# [Task item]
Please write out all the entries exactly, without the pictures.

# [Provided records]
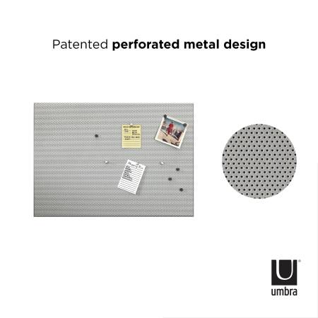 This contemporary twist on the classic corkboard adds fun and functionality to any room in your home or office. Bulletboard’s patented design has a modern and industrial construction consisting of a perforated metal surface that cleverly accommodates both pushpins and magnets. Ideal for large or small spaces, Bulletboard can be mounted vertically or horizontally.
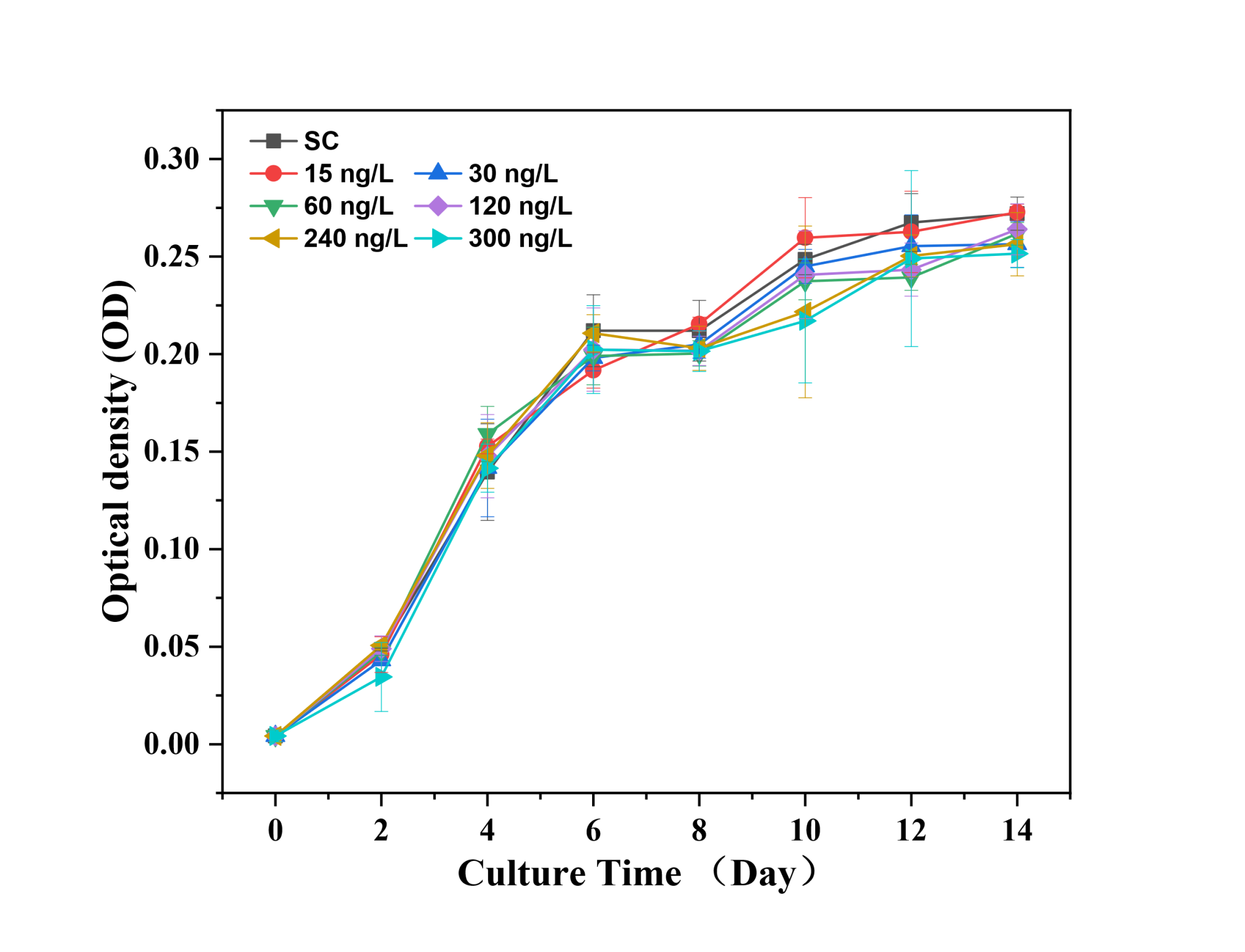 1.新兴PFASs混合物暴露下海洋中肋骨条藻生长变化曲线图。
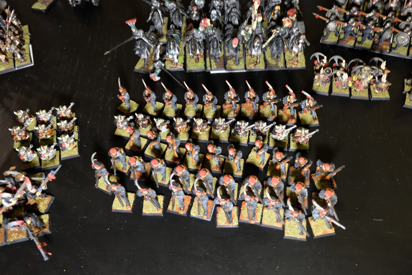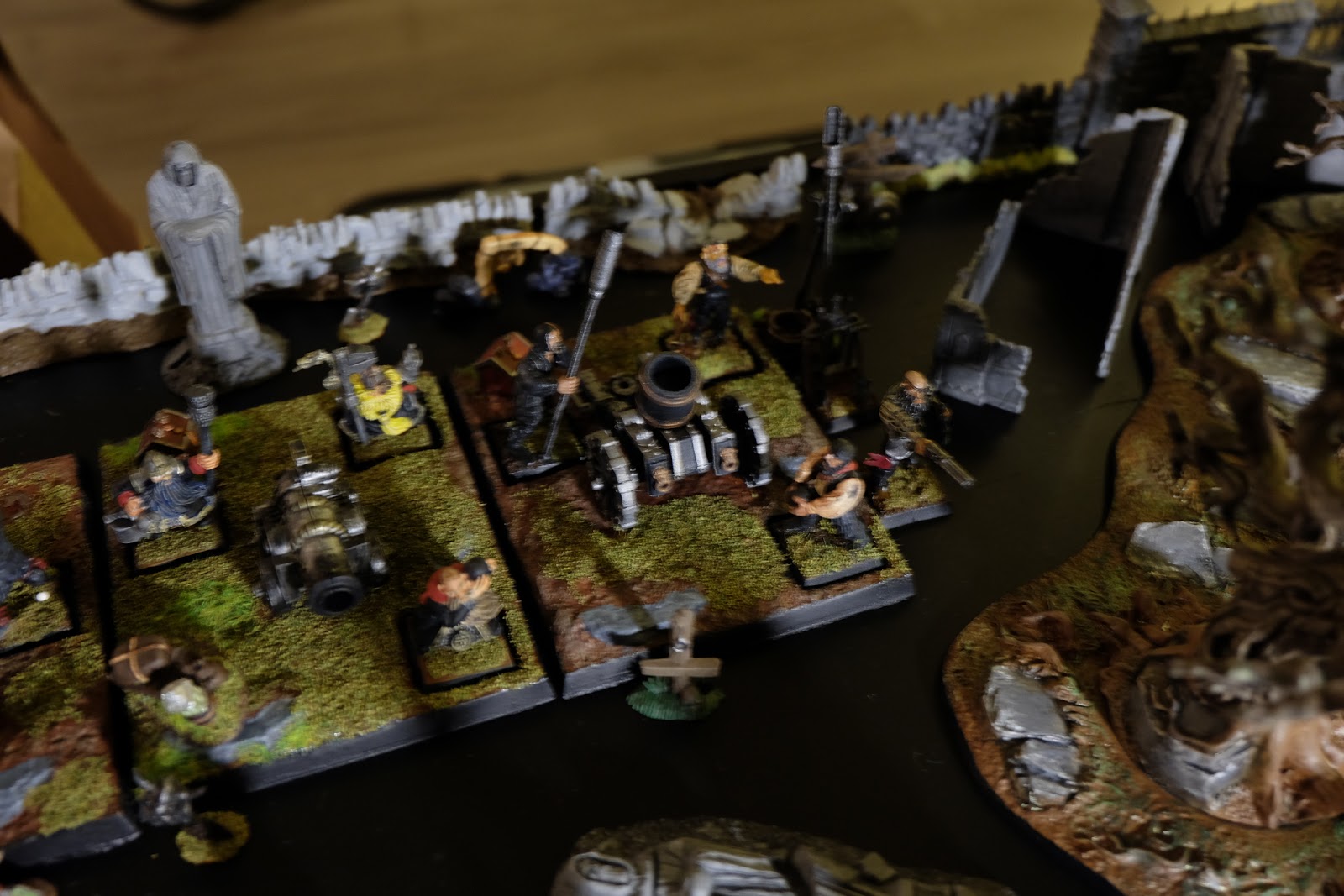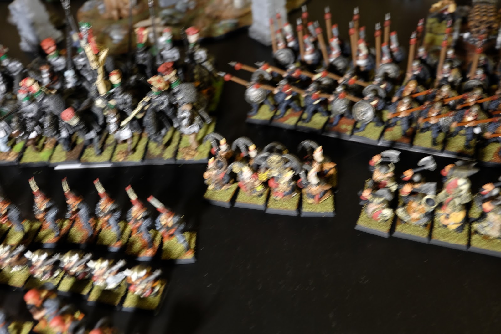 It\’s been a while since I got out my Nuln figures and while I have still not painted all the figures I own, I have made a good dent into the plastic here. Recently I have been in a frame of mind where I want to work on rank and file figures so I thought it was a good time to get the army out, sit and admire it a bit and most importantly take some photos for you folks. I am also going to get cracking on a few more figures to help bolster the ranks. Laying it all out, along with some of my more accessible terrain, I noticed that I have in fact rather more than I had ever expected. Sadly after getting it all out, the light was getting pretty low and so unfortunately the images are rather blurry:
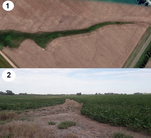En dicha exposición, se puso énfasis en el impacto que está generando la actividad agrícola y ganadera en los cursos de agua y su área circundante o área de ribera. Ya hemos señalado que estas actividades forman parte de la economía de nuestro municipio que, como muchos otros municipios pampeanos, tiene una larga tradición rural. El proceso de agriculturización implica una creciente ocupación del espacio rural y una mayor intensidad del uso del suelo, a través de la aplicación de agroquímicos (tales como herbicidas, pesticidas y fertilizantes), que llegan a ingresar, a partir del proceso de escurrimiento, a los cursos de agua. En este sentido, el transporte y deposición de contaminantes y la ocupación de la agricultura en las áreas de ribera, generan la disminución de la biodiversidad y la pérdida de hábitats naturales. En la siguiente imagen de una parcela rural en las proximidades de la localidad de Azcuénaga, se puede apreciar este proceso de degradación de un curso de agua temporario y su área de ribera. La secuencia temporal, indica el avance de la agricultura sobre el área de ribera hasta llegar a ocupar el propio cauce del curso de agua, eliminando por completo este ecosistema.
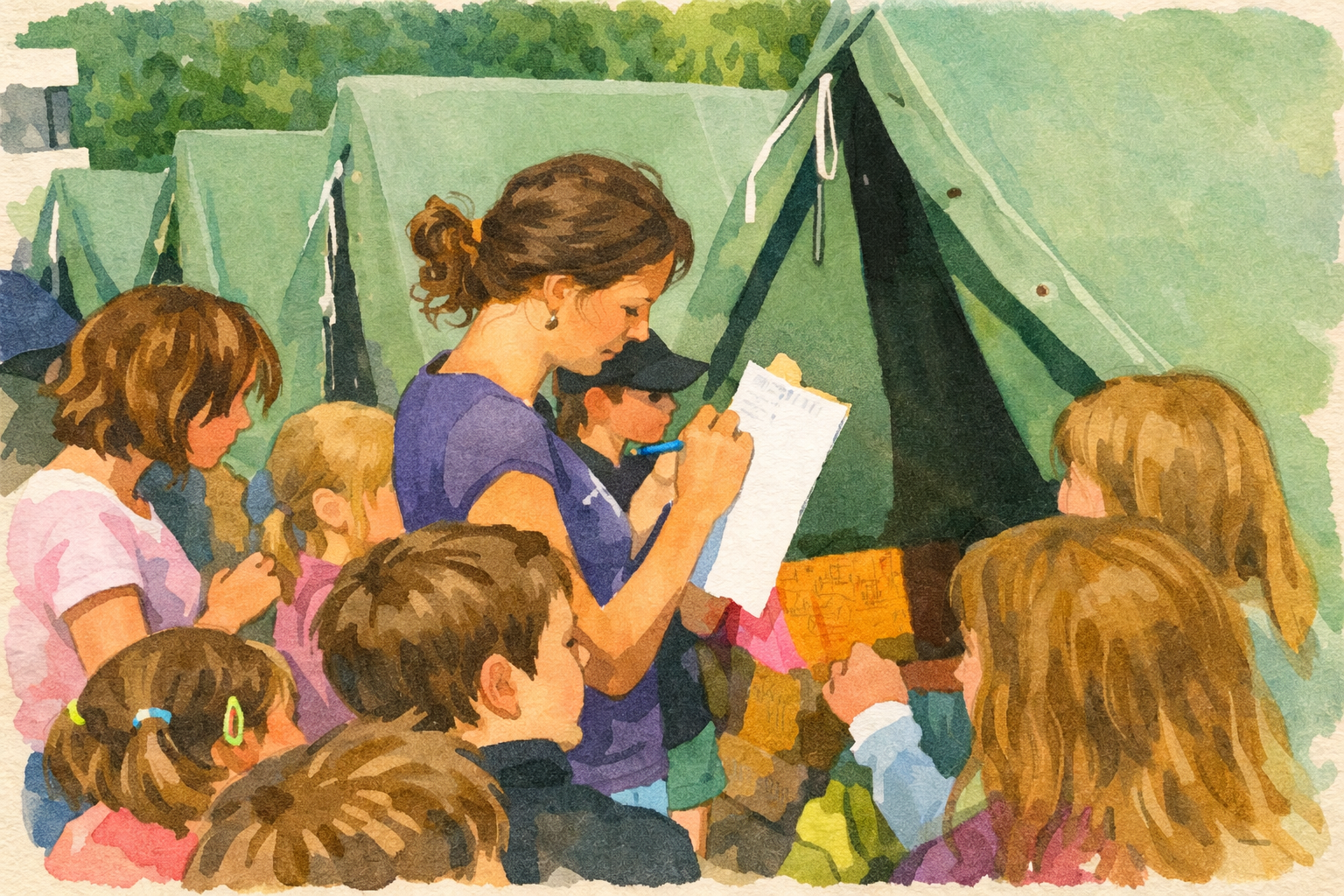 Do 9:00 musí děti zvládnout hygienu a úklid stanů.
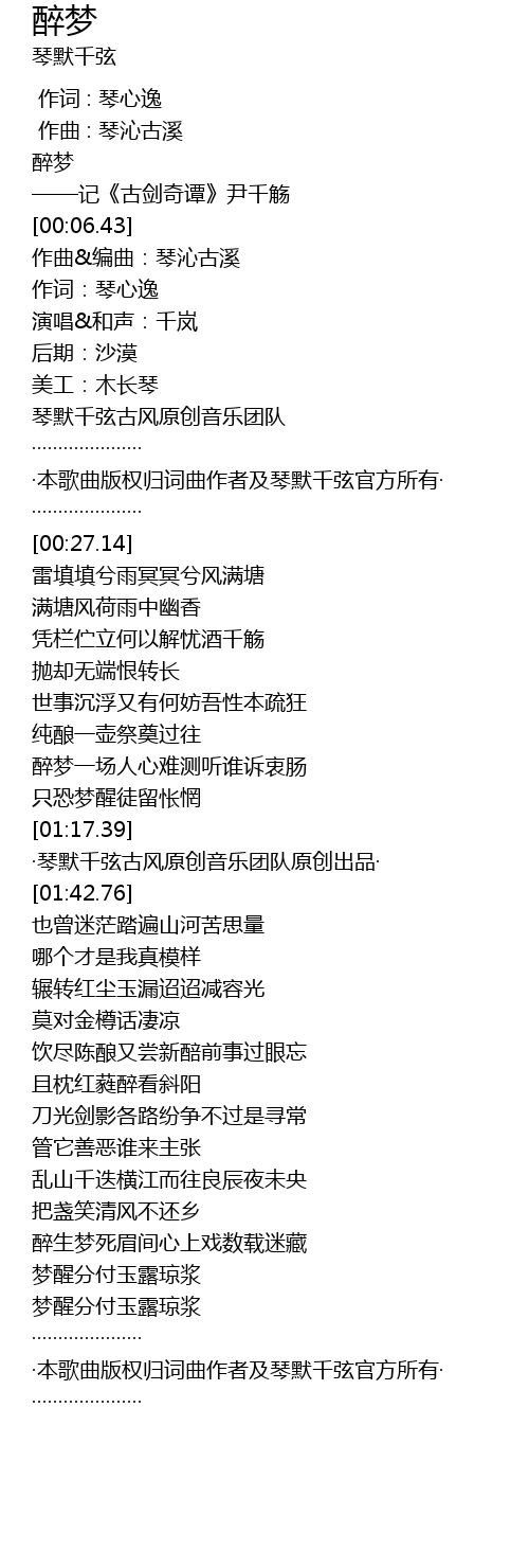 | [00:21.01] | 琴默千弦古风原创音乐团队 |

# [Result for this task]
 This contemporary twist on the classic corkboard adds fun and functionality to any room in your home or office. Bulletboard’s patented design has a modern and industrial construction consisting of a perforated metal surface that cleverly accommodates both pushpins and magnets. Ideal for large or small spaces, Bulletboard can be mounted vertically or horizontally.
 1.新兴PFASs混合物暴露下海洋中肋骨条藻生长变化曲线图。
 It\’s been a while since I got out my Nuln figures and while I have still not painted all the figures I own, I have made a good dent into the plastic here. Recently I have been in a frame of mind where I want to work on rank and file figures so I thought it was a good time to get the army out, sit and admire it a bit and most importantly take some photos for you folks. I am also going to get cracking on a few more figures to help bolster the ranks. Laying it all out, along with some of my more accessible terrain, I noticed that I have in fact rather more than I had ever expected. Sadly after getting it all out, the light was getting pretty low and so unfortunately the images are rather blurry:
En dicha exposición, se puso énfasis en el impacto que está generando la actividad agrícola y ganadera en los cursos de agua y su área circundante o área de ribera. Ya hemos señalado que estas actividades forman parte de la economía de nuestro municipio que, como muchos otros municipios pampeanos, tiene una larga tradición rural. El proceso de agriculturización implica una creciente ocupación del espacio rural y una mayor intensidad del uso del suelo, a través de la aplicación de agroquímicos (tales como herbicidas, pesticidas y fertilizantes), que llegan a ingresar, a partir del proceso de escurrimiento, a los cursos de agua. En este sentido, el transporte y deposición de contaminantes y la ocupación de la agricultura en las áreas de ribera, generan la disminución de la biodiversidad y la pérdida de hábitats naturales. En la siguiente imagen de una parcela rural en las proximidades de la localidad de Azcuénaga, se puede apreciar este proceso de degradación de un curso de agua temporario y su área de ribera. La secuencia temporal, indica el avance de la agricultura sobre el área de ribera hasta llegar a ocupar el propio cauce del curso de agua, eliminando por completo este ecosistema.
 Do 9:00 musí děti zvládnout hygienu a úklid stanů.
 | [00:21.01] | 琴默千弦古风原创音乐团队 |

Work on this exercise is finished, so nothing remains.